The husband-and-wife team of Steve and Sara Curtis, co-founders of the Arizona Arsenal Skydiving Team, organized the jumps. Their team of eight broke the Vertical Formation Skydiving Head-down Sequential Virginia record on Saturday at Suffolk Executive Airport with an eight-way performance in four formations. The team included Sara and Steve Curtis, Reinaldo Duarte, Eugeni Goriounov, Jason Johnson, Rachel Newcomb, Scott Owen and Nick Sortino, plus their videographer Edward Heady.

The couple returned to the airport on Sunday with a team of six: themselves, Duarte, Goriounov, Johnson, Cameron McMahan and Heady taking GoPro video. They completed a six-way performance in nine formations to set a new VFS Head-up Sequential Virginia record, with their feet towards the ground.

If you don’t care much about historical movies or skydiving records, these news items might not excite you much. But all Suffolk citizens should be thrilled about how well the airport and its businesses are doing.

The city invests a considerable amount of money and energy into the airport every year. The city’s Aviation Facilities Fund has a budget of more than $1 million. Much of the funds for capital improvements there come from the federal government, and there are also several revenue streams there — hangar leases, fuel sales and so forth.

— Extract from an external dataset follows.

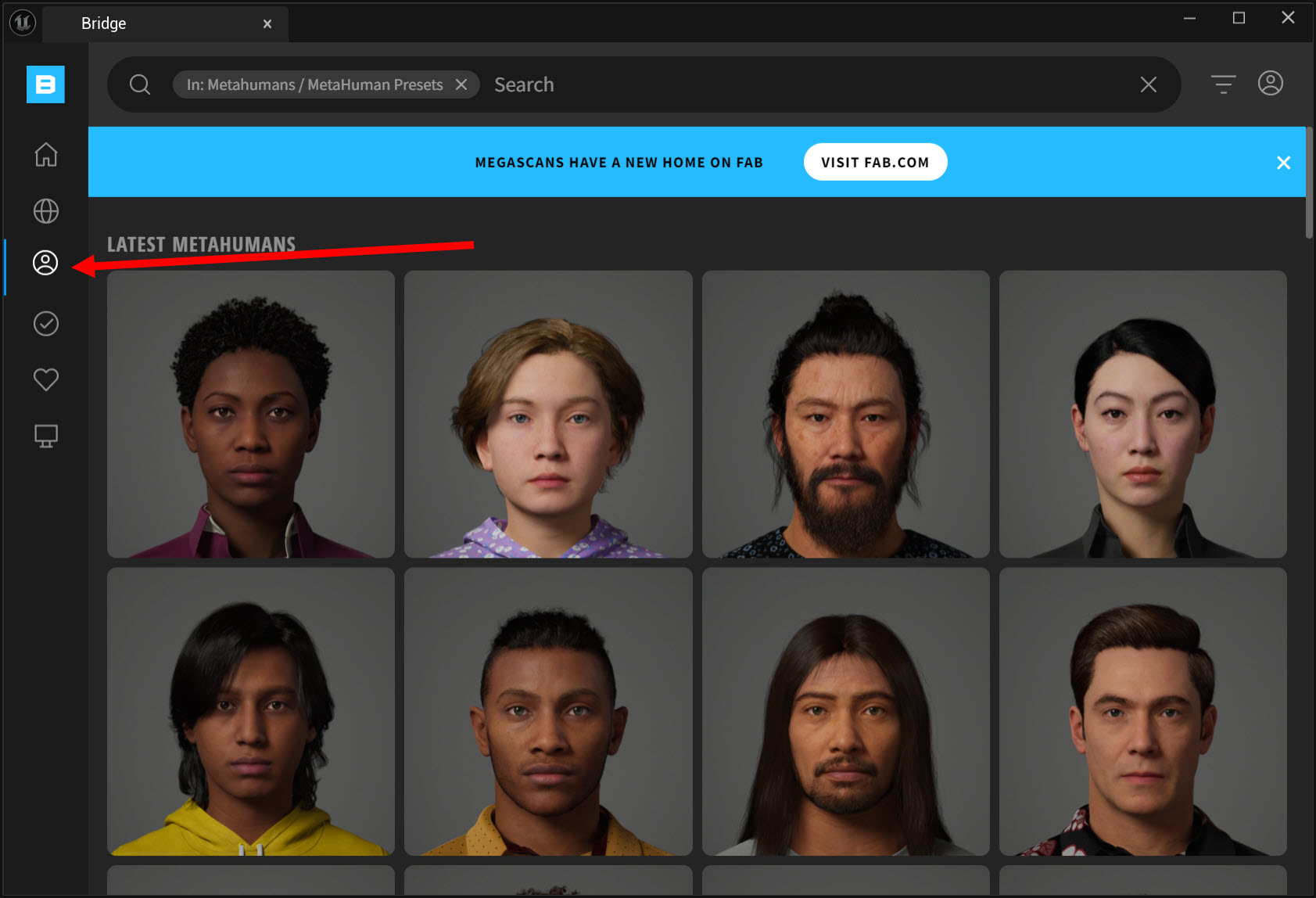 2)퀵셀 브릿지 좌측에서 메타 휴먼(Meta Human) 메뉴를 선택합니다.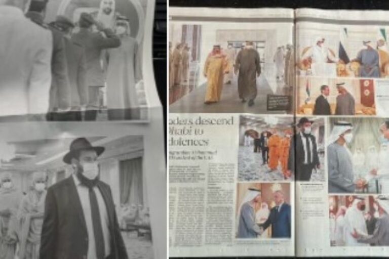 The United Arab Emirates’ two major newspapers on Monday morning published photos of Emirati Rav Rabbi Levi Duchman standing in line to express his consolations to Sheikh Mohammed bin Zayed

Less than a tenth of the budget comes from the general fund.

There are five businesses located at the airport, including Skydive Suffolk, and about 11,000 planes take off and land there every year.

But those numbers could never tell the full story of all of the good things that are going on at the airport, and stories like the “Wolf Hound” filming and the skydiving records tell the rest of the story.

We expect the airport will continue to be an asset for the city for years to come.